Я не могу, мой дорогой друг, привыкнуть к мысли, что я живу между двумя столь могущественными государями, повелителями Петербурга и Берлина; мне кажется, что это сон. Коллеж находится ровнехонько между дворами России и Пруссии; здесь постоянно теснятся слуги, солдаты, лошади, повозки. Классы превратились в караульные помещения и конюшни, церковь в склад сена, гимнастический зал в сапожную мастерскую, столовая в амбар, полный пшеницы и овса, а библиотека — в госпиталь.

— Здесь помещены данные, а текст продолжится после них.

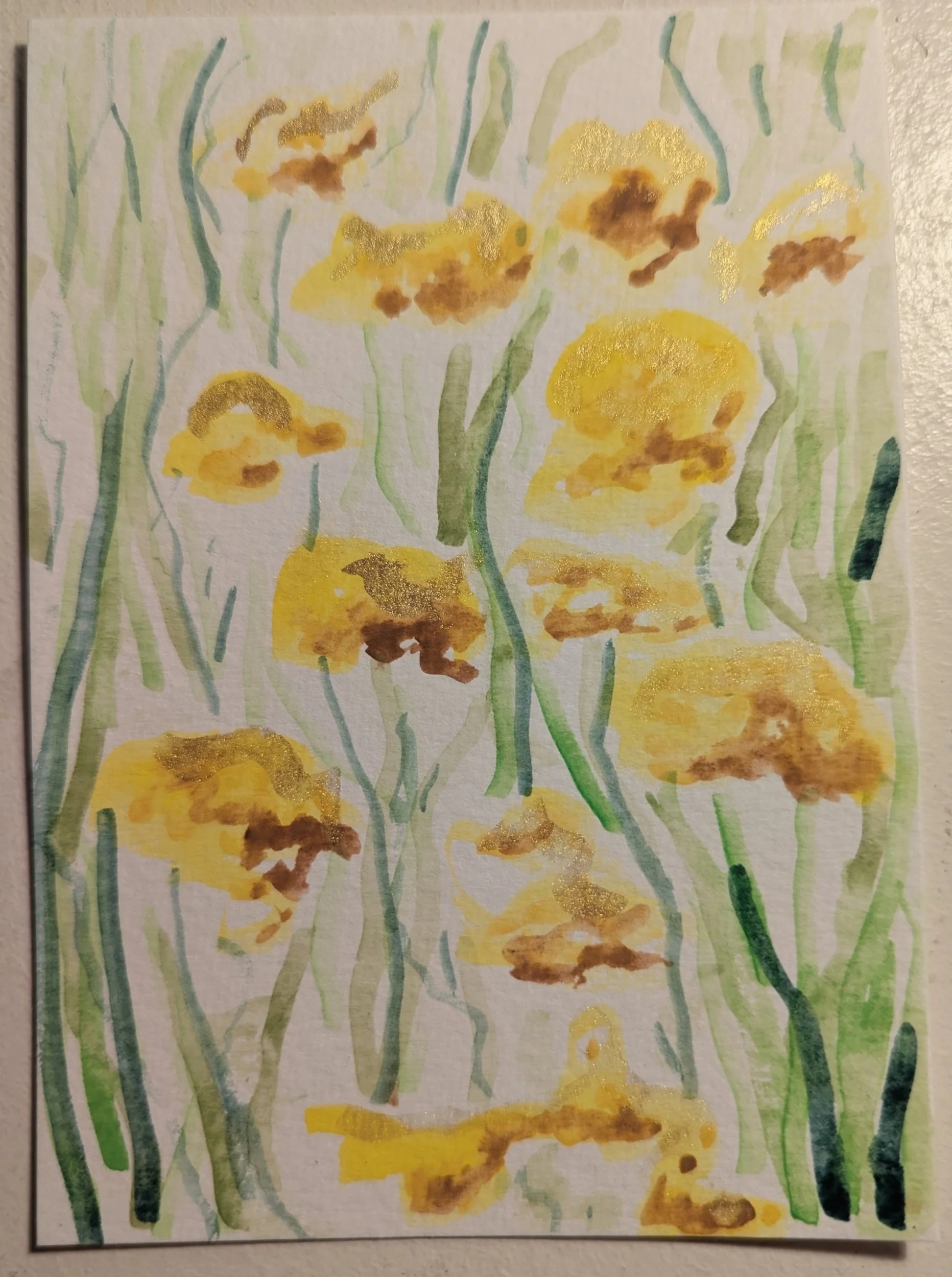 Ian found an inch worm working his way along a twig, and I later learnt that inch-worms are the larvae of moths from the Geometridae family, not their own animal in and of oneself. The yellow straw flowers too were a bright streak against the overgrown grass, and I very much enjoyed painting them later that evening.

У меня продолжают готовить кушанья для (…) тех, кто снабжает едой монархов, русского и прусского, и их двор. Они едят мой хлеб, пьют мое вино и мою водку, а мы питаемся скромно, чтобы их насытить… Когда же закончатся все эти унижения?»{173}
Военные неудачи, накопившиеся трудности, недостаточная поддержка населения — все вызывало сомнения у французов; и даже в окружении Наполеона некоторые говорили, что предпочитают возобновить переговоры, на что, в конечном счете, согласился и император. Но если с его точки зрения речь шла прежде всего о том, чтобы выиграть время, чтобы укрепить и усилить свои войска, то другие думали иначе. К примеру, Коленкур, его министр иностранных дел с ноября 1813 года, действительно стремился заключить мир, чтобы, если это еще возможно, спасти режим. Он не один так думал: в начале 1814 года, как впоследствии напишет Сегюр, «оставалась последняя надежда, на Коленкура»{174}.
Новый мирный конгресс?
Итак, в январе вновь возобновились контакты между французами и союзниками. Некоторые из союзников были склонны к настоящим переговорам с императором французов. Австрийцы — в случае урегулирования вопроса о границах Франции — не стали бы стремиться любой ценой свергнуть Наполеона. Англичане, хотя и желали возвращения Бурбонов, вместе с тем стремились как можно быстрее покончить с войной, которая дорого им обходилась. А вот пруссаки хотели драться: им казалось, что первые победы в январе предвещают такие же победы в ближайшем будущем, и нельзя замедлять ход, сражаясь против императора французов. Александр I придерживался еще более радикальных взглядов: он считал, что с Наполеоном не может быть примирения, надо продолжать бой и немедленно идти на Париж. Хотя эта позиция соответствовала заявлениям царя и всему его поведению с самого начала германской кампании, она раздражала союзников. Об этом свидетельствует, в частности, депеша Каслри премьер-министру лорду Ливерпулю от 30 января 1814 года — он не видел в упрямстве царя ничего, кроме его личного каприза:
«В отношении к Парижу его личные взгляды не сходятся ни с политическими, ни с военными соображениями. Русский император, кажется, только ищет случая вступить во главе своей блестящей армии в Париж, по всей вероятности, для того, чтобы противопоставить свое великодушие опустошению собственной столицы»{175}.
Но Каслри был несправедлив к царю: хотя личные мотивы и играли роль в его упрямом желании вступить в Париж, желание покончить с властью Наполеона объяснялось вопросами безопасности и геополитики, и прежде всего вопросом границ Франции.
С ноября 1813 года предполагаемые границы Франции заметно изменились. В середине ноября, как мы видели, официальные франкфуртские предложения говорили о возвращении Франции в естественные границы; но под соединенным влиянием Англии и России союзники быстро заняли более жесткие позиции. 1 декабря прозвучала Франкфуртская декларация, обещавшая французскому народу «границы Французского государства, каковых оно никогда под правлением королей своих не имело». Какими будут точные очертания этих границ, оставалось неясным. Идет ли речь о границах 1792 года? О границах 1791 года? Это было непонятно. Русские дипломаты чувствовали необходимость избавиться от каких-либо двусмысленностей, о чем 13 января 1814 года Нессельроде написал Александру I:
«В вопросе о границах Франции [державам] пришлось бы примирить необходимость лишить ее достаточного количества земель, чтобы независимость и безопасность других государств уже не была под угрозой, с заявленным принципом закрепить за ней такие обширные земли, каковых она никогда не имела при своих королях. Альпы, Пиренеи и Рейн были предложены как основа, не как абсолютная основа, но как крайнее условие, крайние границы, отмечающие максимальную возможную протяженность французских земель. Вопрос о границах, которые установят для Франции общие интересы Европы, не должен быть предрешен этим предложением. Поскольку с тех пор, как оно было принято, продвижение наших войск было столь быстрым, будет невозможным не настаивать, по крайней мере в отношении Рейна, на самой благоприятной для союзников интерпретации этого предложения»{176}.